Community Perspective

A Hilcorp charter agreement would send a bad message


After reading Philip Wight’s opinion piece, published in both the Fairbanks Daily News-Miner and Anchorage Daily News, regarding Hilcorp’s purchase of BP’s assets on the North Slope demanding Alaska shackle this important business deal with a big government “solution” by requiring a complex Charter Agreement, I felt compelled to respond. Mr. Wight falsely claims that such a solution would benefit Alaskans when, in fact, the opposite is true. I was the Department of Natural Resources commissioner who was serving at the time of the BP-ARCO merger when such a charter was justified.

Over the years, I have seen firsthand how Alaska’s public agencies have capably overseen a continually evolving oil and gas industry. Our agencies have the experience, the expertise and information needed to carefully and thoughtfully evaluate the intricacies of this transaction with the benefit of all Alaskans foremost in mind. It’s their job, and they do it very well.

There are multiple agencies scrutinizing this transaction. We have regulations that require financial assurances and contingency plans to protect the state’s interests. We have regulations that govern exploration, production, labor and all other aspects of oil and gas operations. It is the duty of our agencies to ensure companies are capable and are complying with all of these requirements. If you think any of this is a rubber-stamp exercise, I suggest you talk to someone who has had to go through it.
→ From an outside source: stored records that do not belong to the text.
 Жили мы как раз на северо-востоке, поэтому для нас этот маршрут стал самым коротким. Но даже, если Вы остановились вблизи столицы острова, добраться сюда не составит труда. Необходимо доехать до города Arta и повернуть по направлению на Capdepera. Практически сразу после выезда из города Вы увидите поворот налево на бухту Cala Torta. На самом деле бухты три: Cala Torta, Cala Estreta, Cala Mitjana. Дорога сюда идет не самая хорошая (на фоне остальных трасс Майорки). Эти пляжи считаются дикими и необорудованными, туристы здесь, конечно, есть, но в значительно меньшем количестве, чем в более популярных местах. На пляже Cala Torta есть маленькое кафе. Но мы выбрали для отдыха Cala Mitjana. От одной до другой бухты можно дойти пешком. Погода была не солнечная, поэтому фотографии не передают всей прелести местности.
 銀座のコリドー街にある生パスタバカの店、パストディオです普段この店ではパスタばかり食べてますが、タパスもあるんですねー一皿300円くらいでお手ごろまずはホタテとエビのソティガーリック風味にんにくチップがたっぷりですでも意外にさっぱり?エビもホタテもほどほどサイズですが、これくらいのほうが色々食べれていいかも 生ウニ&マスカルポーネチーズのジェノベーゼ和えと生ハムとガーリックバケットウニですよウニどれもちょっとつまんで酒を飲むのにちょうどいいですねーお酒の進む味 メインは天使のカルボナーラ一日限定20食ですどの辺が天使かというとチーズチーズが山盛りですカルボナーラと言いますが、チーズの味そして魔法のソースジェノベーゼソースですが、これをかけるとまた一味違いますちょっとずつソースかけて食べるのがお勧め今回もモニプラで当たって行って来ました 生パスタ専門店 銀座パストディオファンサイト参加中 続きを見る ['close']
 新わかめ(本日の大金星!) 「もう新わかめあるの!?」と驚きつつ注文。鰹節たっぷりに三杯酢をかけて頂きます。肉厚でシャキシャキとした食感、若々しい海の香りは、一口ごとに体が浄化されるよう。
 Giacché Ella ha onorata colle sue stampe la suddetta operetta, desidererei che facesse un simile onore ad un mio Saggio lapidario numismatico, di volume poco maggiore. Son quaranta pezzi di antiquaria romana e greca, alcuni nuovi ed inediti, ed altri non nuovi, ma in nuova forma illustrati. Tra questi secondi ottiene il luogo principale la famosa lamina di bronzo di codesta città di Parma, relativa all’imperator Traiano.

I also witnessed firsthand the monthslong agony the Legislature forced on the BP-ARCO merger. Such a cumbersome approach is unnecessary and counterproductive in this instance. BP and ARCO’s merger would have combined the ownership of about 70% of North Slope production, a situation that required serious intervention by the state led by then-Gov. Tony Knowles. Here, we simply have Hilcorp stepping into the same position as BP. To force a charter agreement in this situation would clearly say to any other businesses watching from the sidelines, “Don’t invest in Alaska unless you want to be subjected to a difficult process that will be used by some to make your investment uneconomic.” And let’s remember, the corporate signatories to the charter referenced by Mr. Wight are already, or soon will be, gone. On the other hand, Hilcorp has been expanding its investment in our state since the company arrived here in 2012.
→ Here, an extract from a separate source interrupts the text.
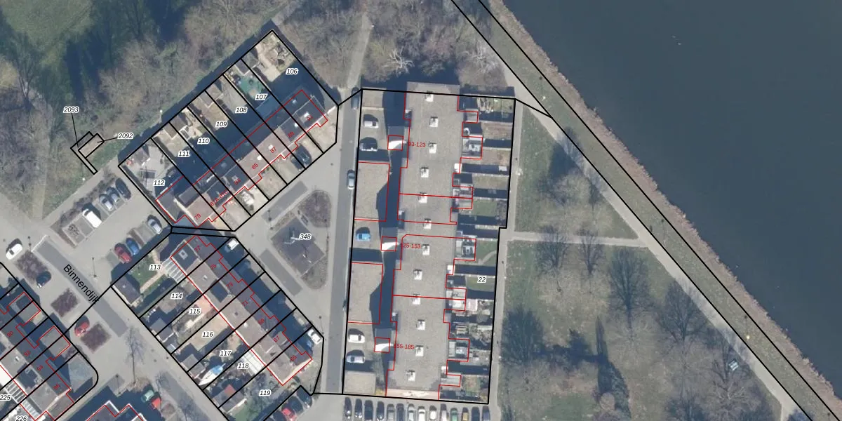 Het perceel waarop Binnendijk 143 staat heeft een oppervlakte van 2574 m². Dit is een zeer groot perceel. De perceeloppervlakte wordt geregistreerd door het Kadaster. Gedetailleerde informatie over de maten van dit perceel kunt u vinden in het rapport Kadastrale kaart met maatvoering van Binnendijk 143.

The greatest “benefit to Alaskans” is the one that Hilcorp is uniquely capable of providing: more responsible energy production. For those of us who have been paying attention to the numbers, Hilcorp has a proven track record of increasing production in Alaska’s mature basins. Look at what the company recently achieved at Milne Point on the North Slope or over the last several years in Cook Inlet. Hilcorp’s investments have reversed declines, and Alaskans are benefiting. Remember, when Hilcorp showed up in Alaska and took a position in Cook Inlet, our gas reserves were so low that there was talk of having to ship in liquefied natural gas from outside the state or forcing citizens in Southcentral to go back to the 1960s when stove oil and wood were the main means of heating one’s home.

While production is key, jobs are equally important. Hilcorp has achieved what it has by relying on the Alaskans who know our state’s oil and gas fields best. Hilcorp’s local hire rate is near 90%. Just like BP, Conoco, Exxon and others, Hilcorp relies on thousands of local contract workers to keep things running.
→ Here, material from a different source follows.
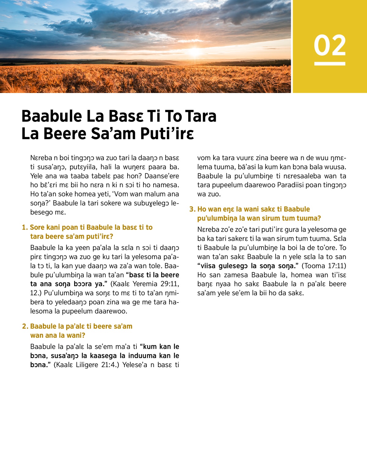 Baabule la ka yeen pa’ala la sɛla n sɔi ti daaŋɔ pirɛ tingɔŋɔ wa zuo ge ku tari la yelesoma pa’ala tɔ ti, la kan yue daaŋɔ wa za’a wan tole. Baabule pu’ulumbiŋa la wan ta’an “basɛ ti la beere ta ana soŋa bɔɔra ya.” (Kaalɛ Yeremia 29:​11, 12.) Pu’ulumbiŋa wa soŋɛ to mɛ ti to ta’an ŋmibera to yeledaaŋɔ poan zina wa ge me tara halesoma la pupeelum daarewoo.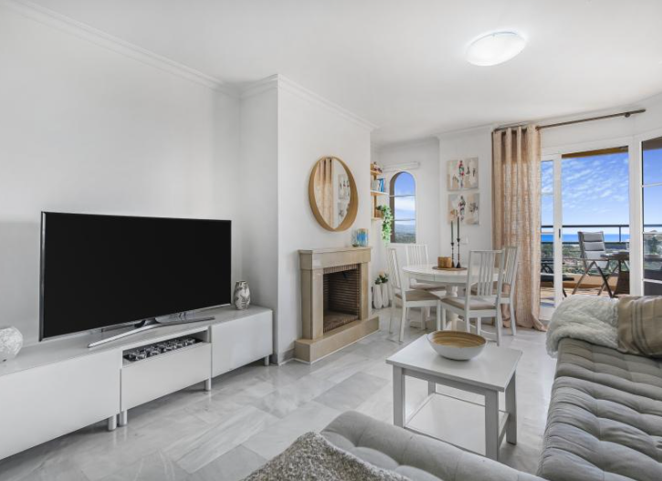 One of the standout features of this apartment is the expansive terraces, spanning 70m2. With both covered and uncovered areas, these outdoor spaces are perfect for enjoying the Mediterranean climate and breathtaking views of the sea, mountains, and communal pool and garden. The corner location of the apartment contributes to sunshine throughout the whole day.

This is not a merger, it’s a stock sale — a point Mr. Wight conveniently ignores. The balance of ownership in Prudhoe Bay will remain exactly the same. Hilcorp is merely stepping into BP’s shoes. The governance structure of the pipeline system will remain the same. The only new thing here is we have a company with a proven track record (in many different states, not just here) that is committed to increasing production and looking to invest billions of dollars in the coming decades.

Considering the economic challenges we face in Alaska, this opportunity could not be coming at a better time. As an Alaskan, I’d prefer we remain focused on balancing the budget and creating policies that encourage investment here rather than inventing needless and expensive requirements that will only hurt future investment in our state.

John Shively served as commissioner of the Department of Natural resources for Gov. Tony Knowles and is currently chairman of the board for the Pebble mining project.